A jury convicted defendant, a prison inmate, of unauthorized possession of an implement by a convict which may be used to injure another. MCLA 800.283; MSA 28.1623. He appeals raising three assignments of error, one of which merits discussion.

Defendant asserts he was convicted under an unconstitutionally vague law. The people unsurprisingly maintain a contrary view. That part of the statute under attack reads:

"A convict without authorization, shall not have on his person or under his control or in his possession any weapon or other implement which may be used to injure any convict or other person, or to assist any convict to escape from imprisonment." MCLA 800.283; MSA 28.1623.

The standard for ascertaining whether a criminal statute is void for vagueness is not in dispute:

"[A] statute which either forbids or requires the doing of an act in terms so vague that men of common intelligence must necessarily guess at its meaning and differ as to its application, violates the first essential of due process of law." Lanzetta v New Jersey, 306 U.S. 451, 453; 59 S. Ct. 618; 83 L. Ed. 888 (1939).

Also see Suits v Meridian Twp, 60 Mich. App. 347; 230 NW2d 426 (1975), Kalita v Detroit, 57 Mich *383 App 696; 226 NW2d 699 (1975). The Court does not view the provision as so vague that men of ordinary intelligence must guess at its meaning and application. Clearly, the statute was intended to prohibit possession of weapons or objects similar to weapons which might be used to harm others or make an escape. Moreover, the section challenged applies only to prison inmates and only to unauthorized possession or control.

Defendant submits that under the language of the statute a prisoner could be subject to criminal responsibility for possessing items such as a pencil, ball point pen, shoestrings, and religious paraphernalia. The Court is unimpressed. The provision in question will not be struck down by this Court simply because the Legislature failed to list each and every "implement" imaginable. United States v Petrillo, 332 U.S. 1; 67 S. Ct. 1538; 91 L. Ed. 1877 (1947). We must use some common sense in our construction, and requiring the Legislature to specify every type of implement proscribed would make little sense. Further, we believe a prisoner would have implicit authority, unless expressly forbidden, to have shoestrings in his or her shoes or to possess a pen for writing. Be that as it may, instant defendant was not convicted for possessing a pencil or shoestring. The record reveals that prison authorities found a draftsman's compass on defendant's person during a routine shakedown made prior to the prisoners' daily yard time.[1] The compass was bent, was sharpended on one end, and was unfit for normal use. In short, it was an object of weapon-like qualities that could be used to harm others.

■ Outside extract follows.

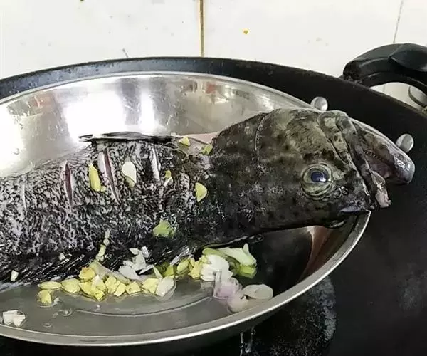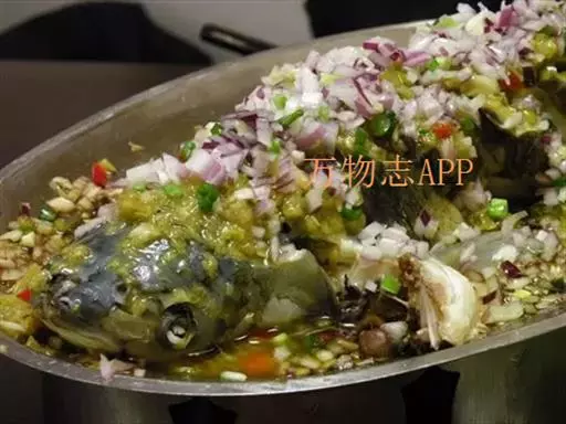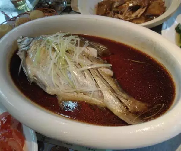 清蒸过江鱼是一道美食,由活鲤鱼、葱等原料做成。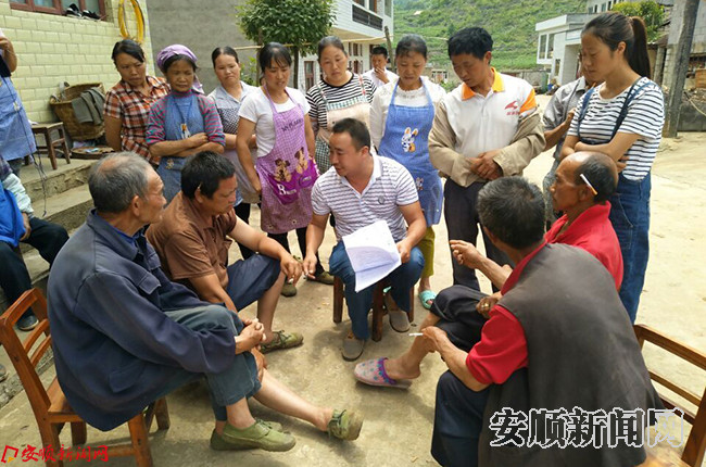 在洛麦组一个农家院坝,驻村干部与村民围在一起召开“院坝会”,会上首先对每户人家的家庭基本情况,包括文化程度、家庭收支情况、经济来源、生活生产情况等进行详细的了解,并作好记录;其次是驻村干部认真听取群众的意见和建议,了解群众的心声;最后,大家对如何发展产业脱贫致富,如何加强基础设施建设,改善生活生产环境等问题进行同商讨。

The statute, being constitutional on its face and as applied to defendant, may not be attacked on the basis of a hypothetical situation:

*384 "* * * one to whom application of a statute is constitutional will not be heard to attack the statute on the grounds that impliedly it might also be taken as applying to other persons or other situations in which its application might be unconstitutional." United States v Raines, 362 U.S. 17, 21; 80 S. Ct. 519; 4 L. Ed. 2d 524 (1960).

It is noteworthy that defendant has not attacked the subject statute on the basis that it violates the title-object clause of art IV, § 24 of the Michigan Constitution, 1963. That question is currently before another panel of the Court. See People v Stanton, 69 Mich. App. 495; ___ NW 2d ___ (1976).

Affirmed.

NOTES

[1] Defendant objected to the shakedown.